## [What to work on]
Output, exactly and in full, only the lines from the one containing "第31届世界大学生夏季运动会" to the last line of the data. Pictures should not appear.

## [Data excerpts]
******************************
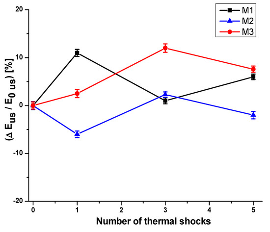 Another observation can be made. Although the M3 sample has the lowest porosity (Figure 8), E is smaller than M2. This decrease can be attributed to M3 having a greater proportion of amorphous phase (Table 2) in its structure, logically reducing the value of E. However, the Young’s moduli of M2 and M3 are superior to that of M1 one, even after having been submitted to three thermal shocks (Table 3, Figure 9). It is likely that this is associated with the repetition of the martensitic transformation Q-M (quadratic in monoclinic) which could occur during thermal shocks between temperatures of 750 °C and 500 °C [10,13]. As these samples have a considerable amount of zirconia in their structure, they can more easily block the propagation of the diffuse microcracks network and, therefore, improve their thermal shock performances.
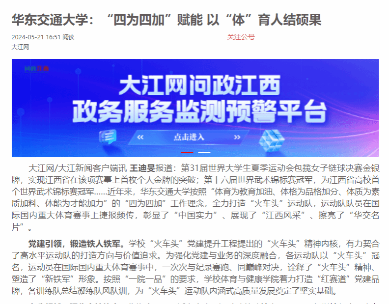 第31届世界大学生夏季运动会包揽女子链球决赛金银牌,实现江西省在该项赛事上首枚个人金牌的突破;第十六届世界武术锦标赛冠军,为江西省高校首个世界武术锦标赛冠军……近年来,香港最新最准资料库按照“体育为教育加油、体格为品格加分、体质为素质加料、体能为才能加力”的“四为四加”工作理念,全力打造“火车头”运动队,运动队队员在国际国内重大体育赛事上捷报频传,彰显了“中国实力”、展现了“江西风采”、擦亮了“华交名片”。
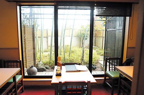 新京成線二和向台駅あるいは三咲駅から車で約10分、畑の中に突然と現れるのは、平成18年にオープンしたうどん、そば、鴨料理、会席料理屋の「竹林庭」。店を入るとロボットのペッパー君が出迎え客を和ませる。45坪の広々とした店内は竹林に面したり、庭園を鑑賞できたり、滝を眺められるなど、それぞれ趣の異なる部屋に分かれている。
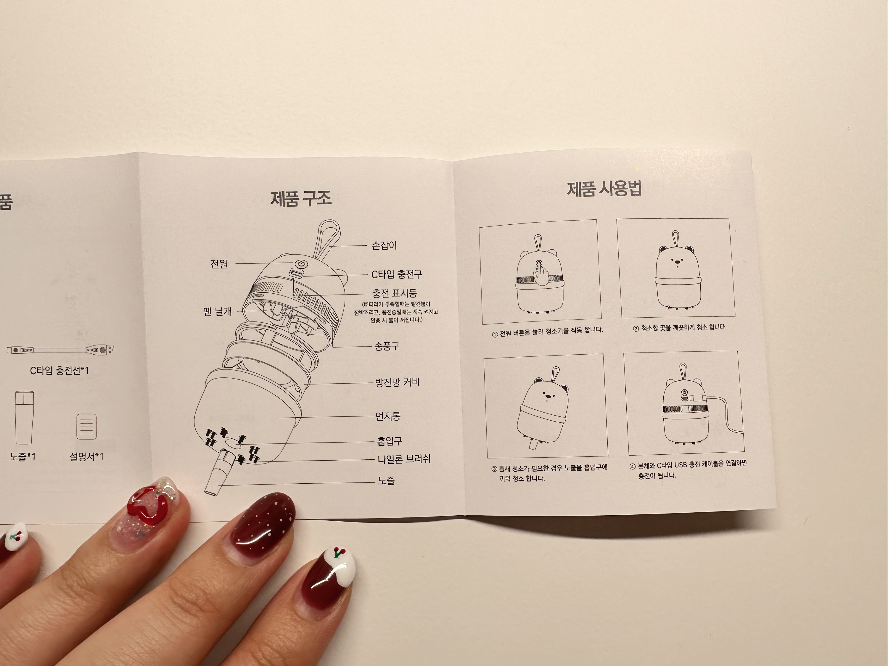 구성품은 본체랑 C타입 USB 케이블, 설명서가 있어요
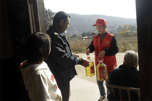 我來幫志愿者協(xié)會志愿者將愛心物資交到貧困村民手中
******************************
## [Response to this task]
 第31届世界大学生夏季运动会包揽女子链球决赛金银牌,实现江西省在该项赛事上首枚个人金牌的突破;第十六届世界武术锦标赛冠军,为江西省高校首个世界武术锦标赛冠军……近年来,香港最新最准资料库按照“体育为教育加油、体格为品格加分、体质为素质加料、体能为才能加力”的“四为四加”工作理念,全力打造“火车头”运动队,运动队队员在国际国内重大体育赛事上捷报频传,彰显了“中国实力”、展现了“江西风采”、擦亮了“华交名片”。
 新京成線二和向台駅あるいは三咲駅から車で約10分、畑の中に突然と現れるのは、平成18年にオープンしたうどん、そば、鴨料理、会席料理屋の「竹林庭」。店を入るとロボットのペッパー君が出迎え客を和ませる。45坪の広々とした店内は竹林に面したり、庭園を鑑賞できたり、滝を眺められるなど、それぞれ趣の異なる部屋に分かれている。
 구성품은 본체랑 C타입 USB 케이블, 설명서가 있어요
 我來幫志愿者協(xié)會志愿者將愛心物資交到貧困村民手中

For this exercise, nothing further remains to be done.